» **Exercise description**:
The reply should hold every line of the listing exactly, and none of its images.

» **Source data**:
☆ ☆ ☆

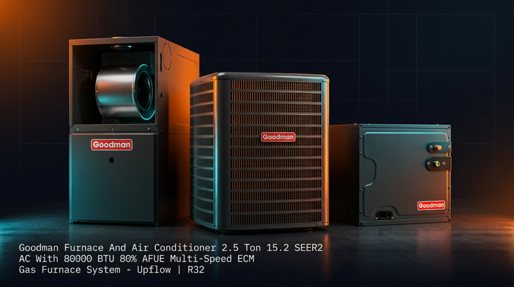 Goodman Furnace And Air Conditioner 2.5 Ton 15.2 SEER2 AC With 80000 BTU 80% AFUE Multi-Speed ECM Gas Furnace System – Upflow | R32
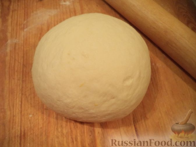 сахара и немного теплой воды или молока (около 50 мл), размешать и поставить в теплое место минут на 20. 2. Муку просеять. 3. Молоко подогреть до 30°С. 4. Половину нормы муки засыпать в миску, добавить подогретое молоко, замесить тесто, добавить сахар и дрожжи, которые уже поднялись. 5. Тесто посыпать мукой, миску накрыть чистой салфеткой и поставить в теплое место (на 50-60 минут). 6. Масло растопить на самом маленьком огне. 7. Когда тесто поднимется, добавить соль, масло (теплое около 30 градусов) и остальную муку. 8. Перемешать в
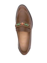 embellished leather loafers Casablanca refreshes the humble loafer with vibrant enamel details and gold-tone hardware. This almond-toe pair is crafted from smooth brown leather and rests on a stacked heel. Highlights - Caramel brown - Calf leather - Tonal stitching - Enamel detail - Gold-tone hardware - Almond toe - Rubber sole Made in Italy Composition Lining: Calf Leather 100% Outer: Calf Leather 100% Sole: Calf Leather 100% SIZE & FIT Measurement HEEL 1.18 in(3 cm) Sole height 0.59 in(1.5 cm)

☆ ☆ ☆

» **Output for this exercise**:
 Goodman Furnace And Air Conditioner 2.5 Ton 15.2 SEER2 AC With 80000 BTU 80% AFUE Multi-Speed ECM Gas Furnace System – Upflow | R32
 сахара и немного теплой воды или молока (около 50 мл), размешать и поставить в теплое место минут на 20. 2. Муку просеять. 3. Молоко подогреть до 30°С. 4. Половину нормы муки засыпать в миску, добавить подогретое молоко, замесить тесто, добавить сахар и дрожжи, которые уже поднялись. 5. Тесто посыпать мукой, миску накрыть чистой салфеткой и поставить в теплое место (на 50-60 минут). 6. Масло растопить на самом маленьком огне. 7. Когда тесто поднимется, добавить соль, масло (теплое около 30 градусов) и остальную муку. 8. Перемешать в
 embellished leather loafers Casablanca refreshes the humble loafer with vibrant enamel details and gold-tone hardware. This almond-toe pair is crafted from smooth brown leather and rests on a stacked heel. Highlights - Caramel brown - Calf leather - Tonal stitching - Enamel detail - Gold-tone hardware - Almond toe - Rubber sole Made in Italy Composition Lining: Calf Leather 100% Outer: Calf Leather 100% Sole: Calf Leather 100% SIZE & FIT Measurement HEEL 1.18 in(3 cm) Sole height 0.59 in(1.5 cm)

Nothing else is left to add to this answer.